Zooming opener “Blown to Bits” creates an electric nostalgia of early-2000’s pop that pumps through a slow-burn to the rocky grit that Charly Bliss fans have come to love. “Capacity” teeters on the edge of the complexities and burn-out of wanting to save others and the reflection of Hendricks’ faults all while riding atop rumbling and glittering keys, sounding like a modern-day, 8-bit video game soundtrack. “Under You” is a pop-punk track that is predominantly led by booming drums that sprinkles in the nostalgia of Guppy-like Charly Bliss. The tune is fast-paced and all consuming, making it hard not to imagine Hendricks bunny-hopping to the beat across a stage as the crowd follows her every move. Even in more mellow tune, “Camera,” offering the rockier-edge that veteran fans adore, there’s something breezy about the track that comes from its scorching guitar execution.

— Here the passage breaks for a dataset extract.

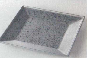
38K218-21 スクエア皿 2,100円 (21.2x2.2cm) 118346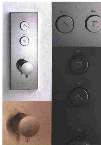
Linee eleganti. Multifunzione il miscelatore Thermo Up di Makio Hasuike per Cristina Rubinetterie. Una centralina di comando, in 4 nuove finiture, per doccia o vasca, che gestisce fino a 3 uscite d'acqua in contemporanea. Si attiva premendo i pulsanti e ruotandoli per controllare la portata.

But, surprisingly enough, it is title-track “Young Enough” that stands tall above the rest. Tapping in over five minutes long, the track embodies everything that Charly Bliss was, is, and strives to be going forward. It seizes the opportunity to craft a searing build-up of a defiant march about coming of age. It’s here where the direction towards pop shines, offering a more emotionally-charged attitude through the synths as Hendricks’ wavy voice tries, so helplessly, to keep a grasp on adolescence.

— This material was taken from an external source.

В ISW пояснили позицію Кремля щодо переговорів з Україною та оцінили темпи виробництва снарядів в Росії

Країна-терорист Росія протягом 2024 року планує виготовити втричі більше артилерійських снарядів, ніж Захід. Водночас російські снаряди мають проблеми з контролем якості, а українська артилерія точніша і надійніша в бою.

It’s no shock that Charly Bliss’ Guppy and Young Enough stand on opposite sides of the spectrum, but it is the resilience and determination of the group to expand their sound beyond the box their debut could’ve pushed them in that should be celebrated. In a world that continuously disposes of pop music, it is artists like Charly Bliss that reminds the music world why that genre is so vital for power and healing. Because, at the end of the day, Young Enough isn’t just a record that should be praised for the group’s ability to create seamless polar opposites, but it is a record that, through and through, proves music’s ability to recover and heal -pop music’s ability to recover and heal. And Charly Bliss killed it. They, truly, truly killed it.

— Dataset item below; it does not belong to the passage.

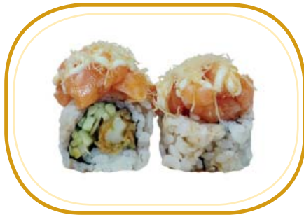
128. HIMAWARI ROLL €12,00 (riso aceto, alghe, fiore di zucca fritto, cetriolo, avocado, tartare di salmone esterno, sesamo, kataifi, salsa tonnata e salsa teriyaki)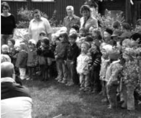
Stolz zeigten die Kinder ihr einstudiertes kleines Programm

Writer and philosopher Roger Scruton once stated, “The heart of pop culture is without doubt pop music. It has the greatest claim among the various styles of modern music to be the foundation of a shared way of life.” He’s right. Pop music isn’t just superficial or valueless. It isn’t something for critics to turn a nose up at in disdain. It isn’t an easy-pull for insults, bullying, and degradation even though it’s been treating as such. It breathes. It holds a voice. It leads trends, pop culture, and even transforms our future. Pop music is vital because it has a pulse, and that pulse keeps humanity alive. It keeps communities coming together. It keeps positive energy radiating. It keeps voices being heard. Pop music has seen some of the most significant artistic statements bubble from its genre. So, it’s safe to say that pop music is one of society’s greatest art forms. And, even though, it seems as though it’s becoming more and more difficult to see, it’s groups like Charly Bliss, and singers like Eva Hendricks who just get it, keeping the vitality of pop music alive and kicking.